The antecedent of (15) confines attention to situations where P_old(E_i) > 0 for each i, and the consequent addresses only those E_i such that P_new(E_i) > 0. These restrictions ensure that conditional probabilities, as specified by the ratio formula, are well-defined. However, I see no reason to impose the restrictions once we have in hand conditional probabilities beyond those given by the ratio formula. The intuitive rationale supplied by Joyce’s minimal change ethos applies just as well to cases where P_old(E_i) = 0 or P_new(E_i) = 0.

Indeed, the rationale applies just as well to numerous cases that do not feature a countable partition \({\mathscr{E}}\). Consider an agent with credences modeled by a probability space (Ω, \({\mathscr{F}}\), P), and let \({\mathscr{G}}\) ⊆ \({\mathscr{F}}\) be a sub-σ-field. \({\mathscr{G}}\) may or may not be generated by a countable partition.
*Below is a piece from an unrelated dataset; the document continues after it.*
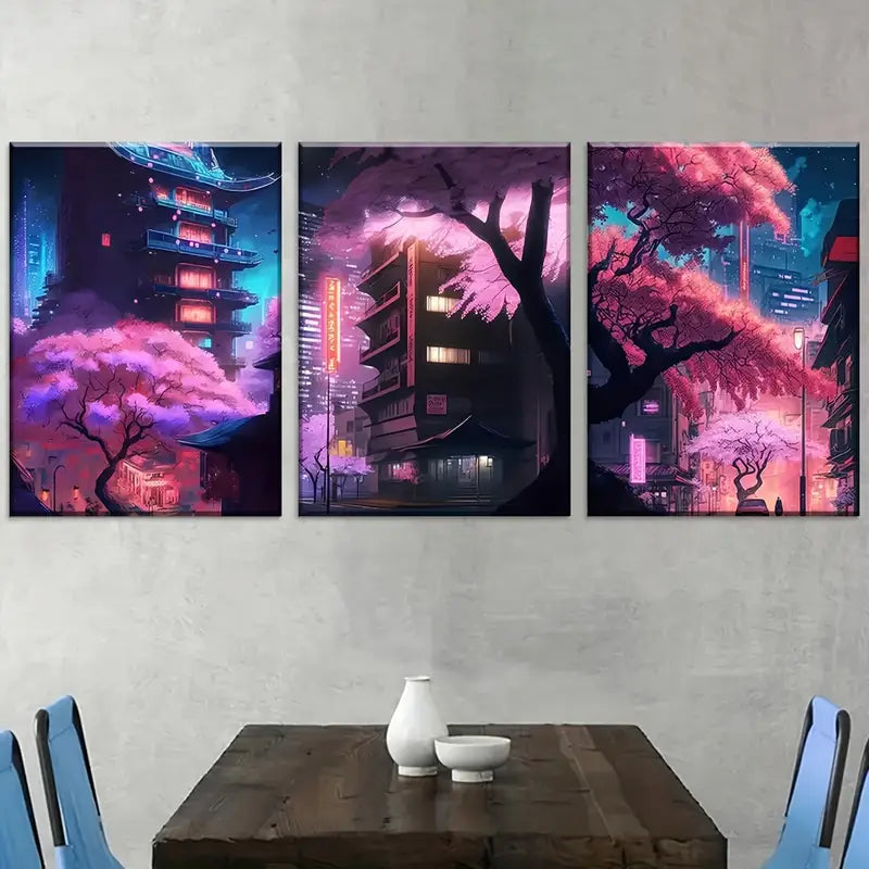 3pcs Modern Fashion Abstract City Technology Landscape Wall Art Set Canvas Framed 40x60cm - High Quality Print 100% Australian Made Wall Canvas Ready to Hang
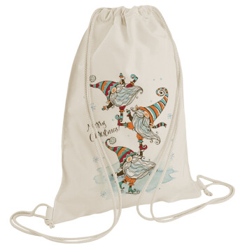 Christmas nordic gnomes, Backpack bag GYMBAG natural (28x40cm)

Suppose that the agent has conditional credences over \({\mathscr{F}}\) given \({\mathscr{G}}\), modeled by update rule C. Suppose that there occurs an exogenous shift in credal mass across \({\mathscr{G}}\), inducing further credal changes across \({\mathscr{F}}\). Following Meehan and Zhang (2020), I propose that the agent’s conditional credences C should remain fixed. More carefully, credal transitions should satisfy the following requirement:

RIGIDITY: If an agent begins with unconditional credences P_old over \({\mathscr{F}}\) and conditional credences C_old over \({\mathscr{F}}\) given \({\mathscr{G}}\), and she subsequently adopts new credences P_new over \({\mathscr{F}}\) and new conditional credences C_new over \({\mathscr{F}}\) given \({\mathscr{G}}\), and the new credal assignment over \({\mathscr{G}}\) mediates the transition from P_old and C_old to P_new and C_new, then C_old = C_new,

where the clause “the new credal assignment over \({\mathscr{G}}\) mediates the transition from P_old and C_old to P_new and C_new” reflects a causal assumption that the agent’s conditional and unconditional credences change solely due to the new credal assignment over \({\mathscr{G}}\). Again, we could equally well substitute other locutions that express the same causal assumption. Like (15), Rigidity is a minimal change principle. It leaves conditional probabilities as fixed as possible, given that credences over \({\mathscr{G}}\) have changed. Intuitively: credal reallocation across a sub-σ-field provides no rational basis for changes in credence conditional on the sub-σ-field.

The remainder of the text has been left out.